The UM researchers wanted to know why. They began by examining the Omicron variant’s mutation distribution, its evolutionary relationship to previous COVID-19 variants, and the structural impact of its mutations on antibody binding. They then analyzed protein sequences of Omicron variant samples collected from around the world.

“We know that viruses evolve over time and acquire mutations, so when we first heard of the new Omicron variant, we wanted to identify the mutations specific to this variant,” said Kamlendra Singh, PhD, Associate Research Professor, Department of Veterinary Pathobiology at UM’s College of Veterinary Medicine (CVM), in a UM press release.

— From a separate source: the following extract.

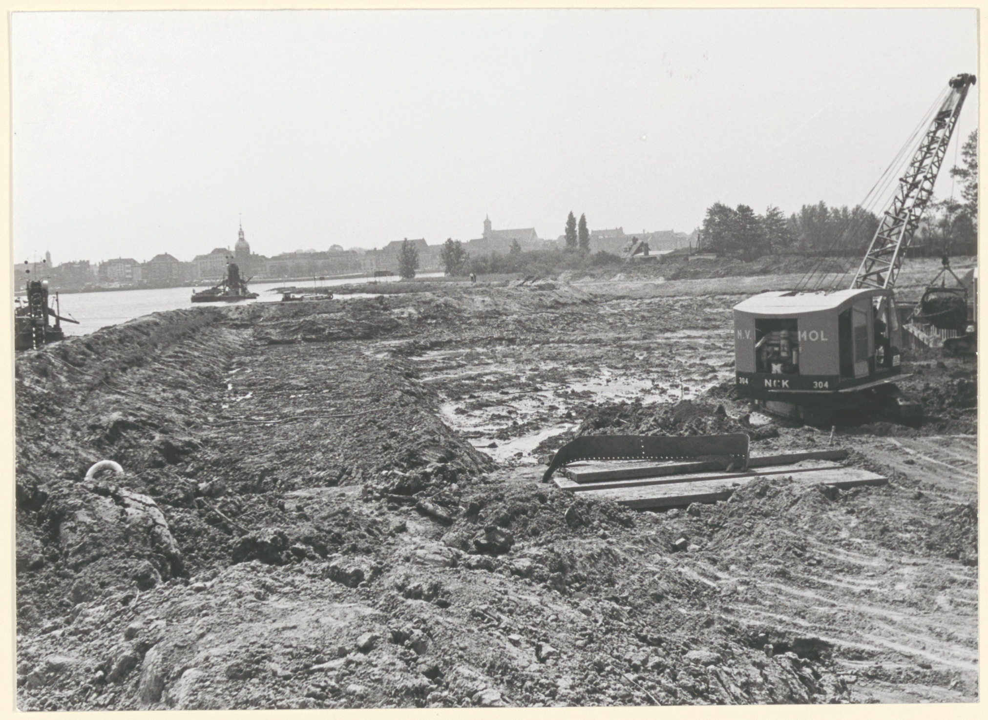 Het afgraven van het uitstekende gedeelte van de oever van de Noord ter verbreding van de riviersplitsing Noord - Oude Maas i.v.m.de duwvaart. Op de achtergrond is Dordrecht te zien.

The UM scientists published their findings in the Journal of Autoimmunity, titled, “Omicron SARS-CoV-2 Variant: Unique Features and Their Impact on Pre-existing Antibodies.”

Kamlendra Singh, PhD
Kamlendra Singh, PhD (above), an associate research professor in the Department of Veterinary Pathobiology at UM’s College of Veterinary Medicine, led the team that identified 46 mutations of the SARS-CoV-2 Omicron variant. “I went to India last April and I got infected by the Delta variant. So, it then became personal to me,” he told NBC affiliate KOMU. The UM team hopes their findings lead to improvements in existing COVID-19 antivirals and clinical laboratory tests. (Photo copyright: University of Missouri.)

In their paper, the UM team wrote, “Here we present the analyses of mutation distribution, the evolutionary relationship of Omicron with previous variants, and probable structural impact of mutations on antibody binding. … The structural analyses showed that several mutations are localized to the region of the S protein [coronavirus spike protein] that is the major target of antibodies, suggesting that the mutations in the Omicron variant may affect the binding affinities of antibodies to the S protein.”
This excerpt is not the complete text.